Saturday, February 7, 2026

February is Hearts and Hope

 





What else could it be? I have been very tired lately. The fatigue which used to plague me appears to have returned. I am not sure if it is the weather, the statin I started taking last month, or just a need to slow down and take it easy, but I have been dozing off on the couch while watching TV, not wanting to drive Doordash, and then, oddly, struggling to fall asleep once I make it up to my room. I guess I will just ride it out a bit. Maybe I need a few weeks to take it easy. 

    My house is a mess. The urge to find a new job is strong, but I am not sure why. I like my job. I love the kids. Sure I get bored, and the late hours suck (dismissal isn't until 4, which is AWFUL), but it works well for my family. I miss being off work by 2:45. Granted, I had to get there a lot earlier, but I am definitely putting in more time now. I am usually at work at least an hour before school starts. I just can't wait to get there until 8:30 contract, that seems crazy-late. I am happy that I am not tutoring. The money was nice, but I would hate to be there an extra hour and a half. The teachers seem  really nice and not as backstabbing and catty as some other schools, but maybe I just don't know them well enough.

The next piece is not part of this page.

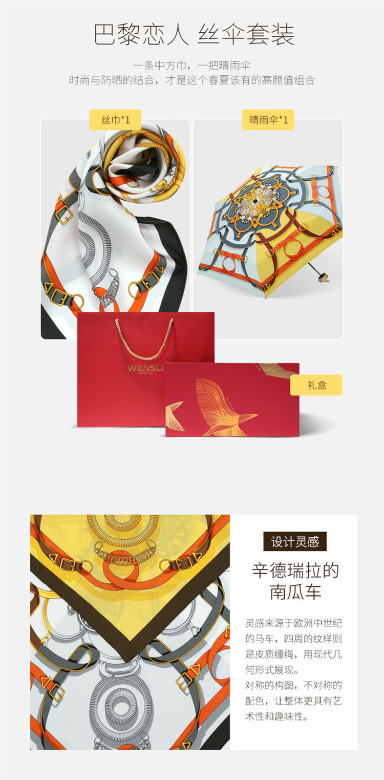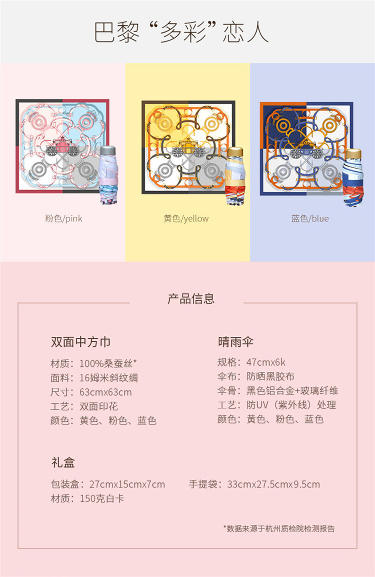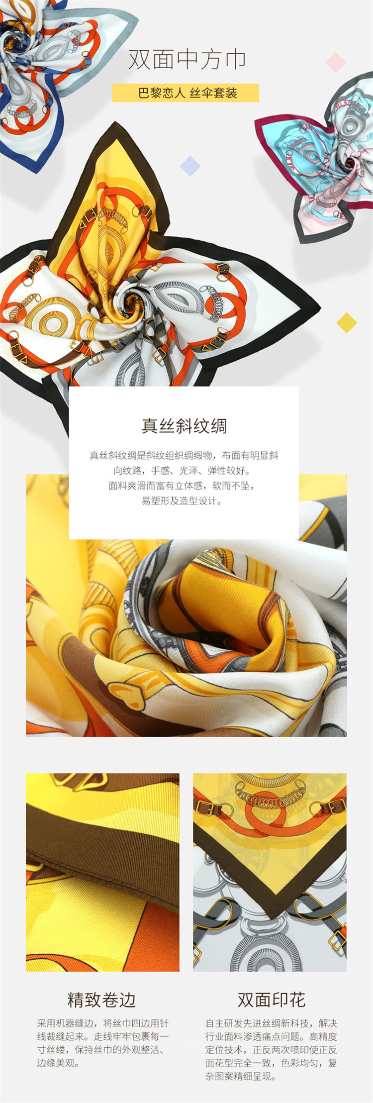 商品名称:Wensli/万事利 巴黎恋人丝巾雨伞套装(黄/粉/蓝)颜色随机 随机

     Maybe I need to start taking vitamin D again. I have stopped that. I also had a rare glass of wine last night. I have mostly lost my taste for alcohol, but thought it would be nice to have a glass last night. Perhaps that is why I feel so wiped out today. I stopped taking collagen for a month and the weird horizontal ridges have appeared on my thumbs again. Guess I need to restart that, too. 

    Tomorrow I am driving the 2.5 hours to take the boys to see their dad. I don't really feel like it. It's a long drive and boring and I have to drive home after. But, his parents help me out a lot, and I know they need to see their dad. I still look forward to when they can do this alone. I don't know that he will ever get out of his current group home. I feel for him-or the him he was 10 years ago, but the medicine is taking its toll on his body. I mourn for the past, but it wasn't all the great either. The times were hard then, too. I just have a knack for forgetting. 

    I have been very lonely this fall. For years, I was happy with the way things were and then suddenly, my singleness has been weighing on me. It's weird because frankly, I don't have the energy to mask my sloppy homemaking skills and sloth for a new person. Nor do I want someone as messy as me. I want someone who is a little more together, but doesn't mind my not being together. In a world that demands women be together, that seems unlikely. It's fine. It's probably just the cold weather. 

    So my life is the same old same old. Politics are exhausing, the world is sad, we are all hypocrites and I had to switch from generic zepbound to generic ozempic, and it doesn't work as well. So food noise is here, and I think about nachos a lot. Valentine boxes of candy are weighing on my mind as well

    Lately I am astounded by how smart and creative people around me are in their own way. The value of the adults I know extends beyond their beliefs, their education. They are just so capable is ways I cannot seem to manage. We are all so different and so worthy. 

    I wish I could put in a new tub and shower and bathroom vanities. I wish I could take the kids to England and Scotland and even New England. I was talking to someone about it, and they suggested and Alaskan cruise. I always wanted to go on an Alaskan cruise, but I really feel the need to visit Great Britain. I don't know why. Probably Netflix shows.


Is it naptime yet? I feel guilty for not working more.